Dovish ECB tone suggests more cuts to come


The ECB cut its key policy rates by 25bp as was widely expected.
The tone in the statement and press conference was dovish. First of all, the Governing Council noted that ‘the outlook for growth has deteriorated owing to rising trade tensions’ and it also asserted that ‘downside risks to economic growth have increased’. Although ‘an increase in defence and infrastructure spending would add to growth’ the combination of ‘trade tensions and associated uncertainties’ and ‘deteriorating financial market sentiment’ as well as ‘geopolitical tensions’ seem to have been given more weight to skew the outlook further to the downside.
Second, the ECB sounded relatively sanguine about domestic inflationary pressures saying that ‘services inflation has also eased markedly’. Although the ECB remained non-committal on the impact of tariffs on inflation saying that ‘the net impact on inflation will only become clearer over time’ the factors it mentions pushing inflation down seem to be more powerful, concrete and timely than those that may push it up.
In particular, downside risks included ‘falling global energy prices and the appreciation of the euro’ as well as ‘a re-routing of exports into the euro area from countries with overcapacity’ as well as the negative impact of tariffs and tighter financial conditions on economic growth. On the upside, specifically in relation to the trade war, it only mentions that ‘a fragmentation of global supply chains could raise inflation by pushing up import prices’. While it also mentions fiscal policy as an upside risk, it is clear from its overall growth assessment that tariffs and tighter financial conditions will be the most significant factors for the economic outlook.
Third, it dropped its reference to ‘monetary policy …becoming meaningfully less restrictive’ that was introduced to the statement in March. At the time, that was seen as a sign that the ECB was getting closer to a neutral rate and that meant that the room for further rate cuts was limited. President Christine Lagarde explained that the previous statement was now ‘meaningless’ as neutral only works in a ‘shock-free world.’
Fourth, the decision to cut interest rates was unanimous. This is notable given that Ms Lagarde also noted that before the escalation of trade tensions, several Governing Council members were minded to keep interest rates on hold at this meeting. This also suggests that the reaction function to higher tariffs is lower interest rates.
So although the ECB continued to stress that ‘it will follow a data-dependent and meeting-by-meeting approach’ and that it is not ‘pre-committing to a particular rate path’, the tone of the statement and press conference are consistent with further rate cuts in our view.
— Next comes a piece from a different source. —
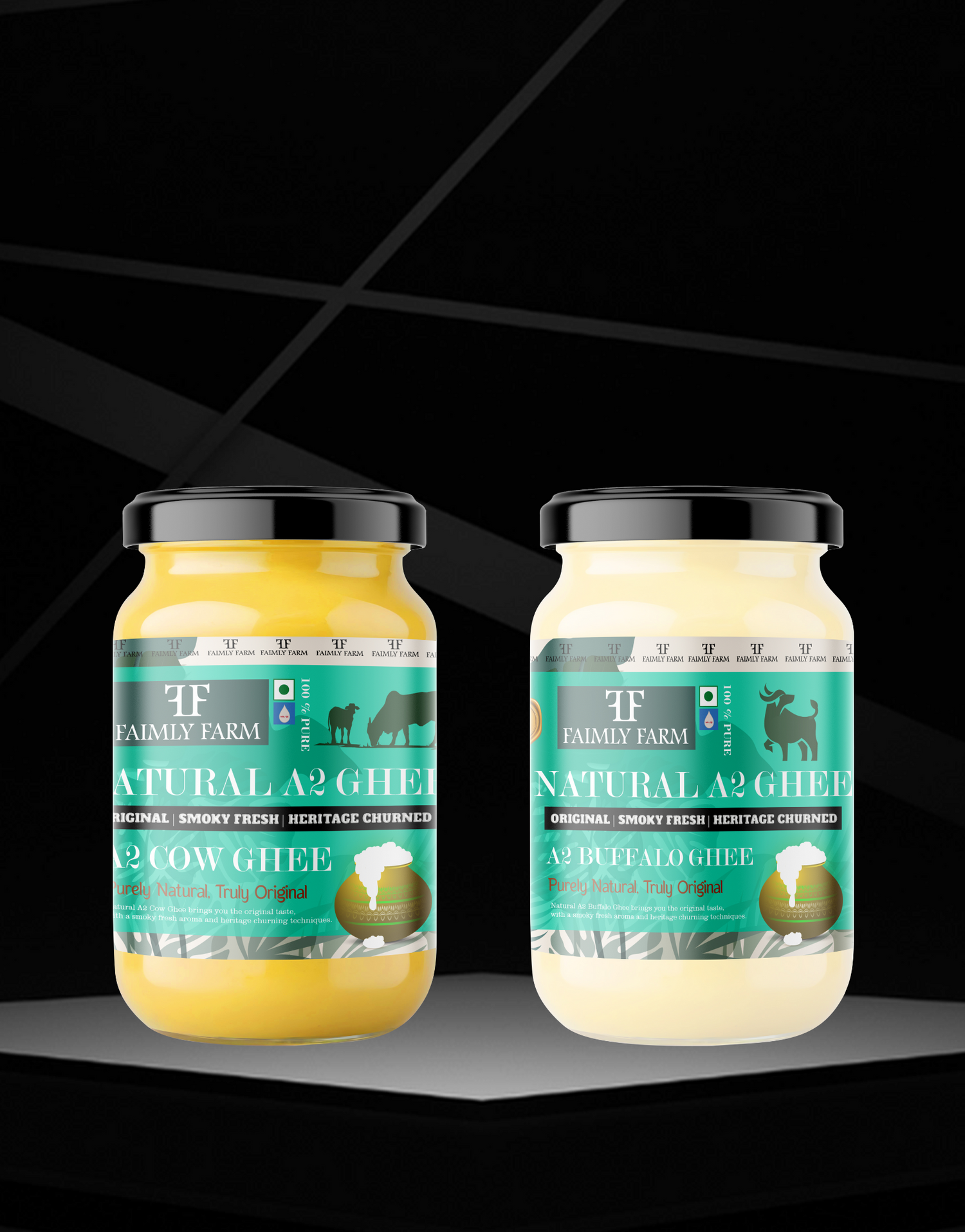 Faimly Farm (Nature's Pure A2 Collection) – Original | Smoky Fresh | Heritage Churned - Buy Nature's Pure A2 Collection Combo Ghee Online from Faimly Farm – featuring Cow Ghee and Buffalo Ghee in Original, Smoky Fresh, and Heritage Churned variants. Made from ethically sourced A2 milk, this Ultra Clarified Ghee combo delivers Everyday Energy, Rich Nutrition, and 100% Natural Purity for balanced daily wellness.

The June meeting – where the ECB will provide updated projections and will have a bit more clarity on all the drivers above – should provide more information on the future direction of policy. We continue to expect the deposit rate to be cut further. Overall, at the next three meetings, we expect 75bp of rate reductions, taking the ECB’s deposit rate to a low of 1.5% to be reached in September. The risks to this view are skewed towards more rate cuts.